EXERCISE OBJECTIVE
Excluding pictures, give the entries again exactly as they appear.

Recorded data

......

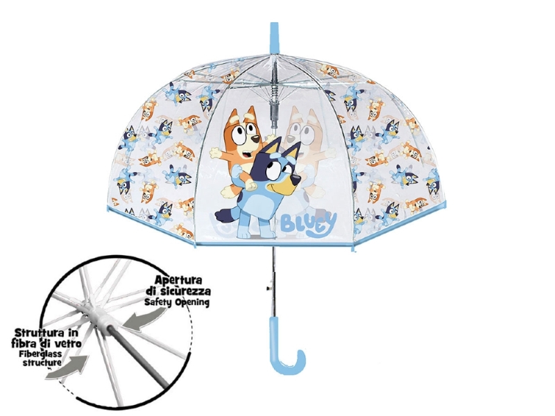 Ombrello cupola trasparente 42/8 Bluey perfetto per la pioggia con allegria
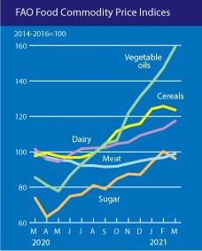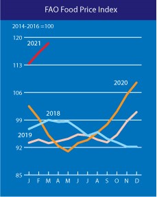 粮农组织食品价格指数(FFPI)在2021年3月的平均值为118.5点,比2月高2.4点(2.1%)。这是自2014年6月以来FFPI连续第十个月上升至最高水平。
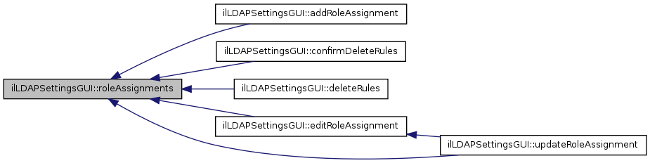 Here is the caller graph for this function:| ilLDAPSettingsGUI::updateRoleAssignment | ( | ) |
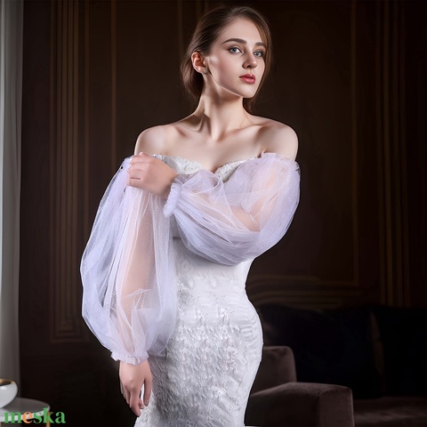 Hófehér színű, menyasszonyi levehető puffos tüll ruhaujj
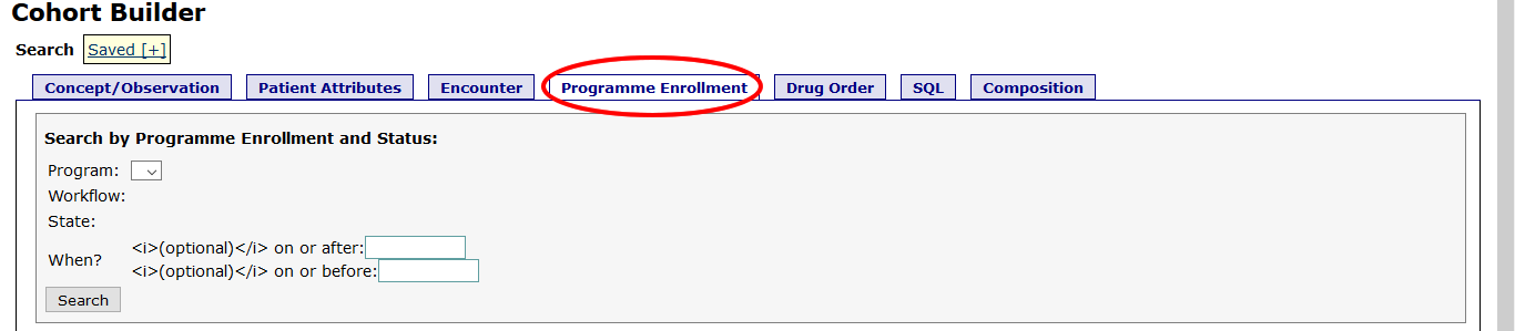 OpenMRS has a feature with which you can save the any query constructed using the steps above for future use. This has the advantage that you do not need to go back and compose the query again and is mostly useful for repetitive routine/periodic querying tasks. The saved query compostions are referred to as Saved Searches.

......

FINAL ANSWER
 Ombrello cupola trasparente 42/8 Bluey perfetto per la pioggia con allegria
 粮农组织食品价格指数(FFPI)在2021年3月的平均值为118.5点,比2月高2.4点(2.1%)。这是自2014年6月以来FFPI连续第十个月上升至最高水平。
 Here is the caller graph for this function:| ilLDAPSettingsGUI::updateRoleAssignment | ( | ) |
 Hófehér színű, menyasszonyi levehető puffos tüll ruhaujj
 OpenMRS has a feature with which you can save the any query constructed using the steps above for future use. This has the advantage that you do not need to go back and compose the query again and is mostly useful for repetitive routine/periodic querying tasks. The saved query compostions are referred to as Saved Searches.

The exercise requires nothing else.